We also provide some utilities (in Python) which may be useful to analyze the data or data conversions. Some of scripts may require user modification. Before we can finalize them into standard features, these utilities are currently located at seismic/examples/utils directory of the source code.

HDF5 Converter tool

We recommend HDF5 as the input format. A conversion tool H5Converter is provided if you need to convert any .txt or .bin files (e.g., from AlTar 1.1) to .h5.

Examples:

Convert a text file to hdf5

H5Converter --inputs=static.gf.txt

Convert a binary file to hdf5, additional information such as the precision (default=float32) and the shape (default = 1d vector and will be reshaped to 2d in program if needed) of the output can be added by

H5Converter --inputs=kinematicG.gf.bin --precision='float32' --shape=[100,11000]

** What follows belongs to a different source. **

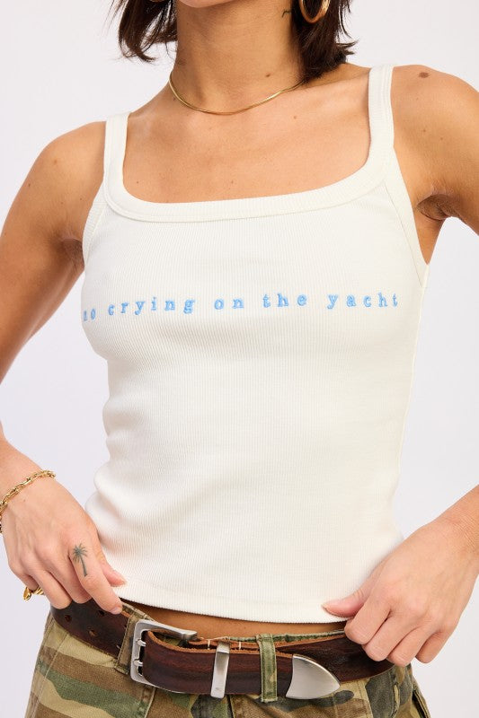 SQUARED NECK TANK TOP WITH EMBROIDERY

Merge several files into one hdf5, e.g., to prepare the sensitivity kernels for Cp,

H5Converter --inputs=[static.kernel.pertL1.txt,static.kernel.pertL2.txt] --output=static.kernel.h5

For help on all available options

H5Converter --help

Plot histograms of Bayesian probabilities

You may want to check the distributions of the (log) prior/likelihood/posterior probabilities, which usually a good indication for the simulation performance. The utility is named plotBayesian.

Taking the source code example as an example,

# go to the result directory
cd results/static
# run plotBayesian for the final step output,
# which shows the histograms of (log) prior/likelihood/posterior
../../utils/plotBayesian
# to show output from a different beta step
../../utils/plotBayesian --step=step_000.h5
# to change the number of bins for the histogram
../../utils/plotBayesian --bin=20

The plotBayesian utility generates a Bayesian_histograms.pdf file for the plot. You may change the script to show the plot on GUI directly or save it to a different format.

Compute the mean model

meanModelStatic.py under the utils directory can be used to compute the mean model of the samples in a given beta step. It also serves as a tool to convert AlTar2 H5 output to AlTar-1.1 H5 output.

# go the result directory
cd results/static
# run the utility
python3 ../../utils/meanModelStatic.py

which prints out the mean values and variances of all parameters, as well as saving them to text files. It also converts step_final.h5 to AlTar-1.1 H5 format, step_final_v1.h5.

For a different beta step output, you need to change input and output in the script.

The script can also be used for other models, not limited to static: you will just need to change psets_list to the same as your simulation script.

Compare the data predications and observations

checkDataPrediction.py reads the data predictions from the forward modeling application and compares them with the input data observations. You may need to change the input files in the script.

Convert AlTar2 output to AlTar-1.1 output

AlTar2’s H5 output differs from AlTar-1.1 H5 output in rearranging the samples in their parameter sets. You may use the meanModelStatic.py utility above to convert them.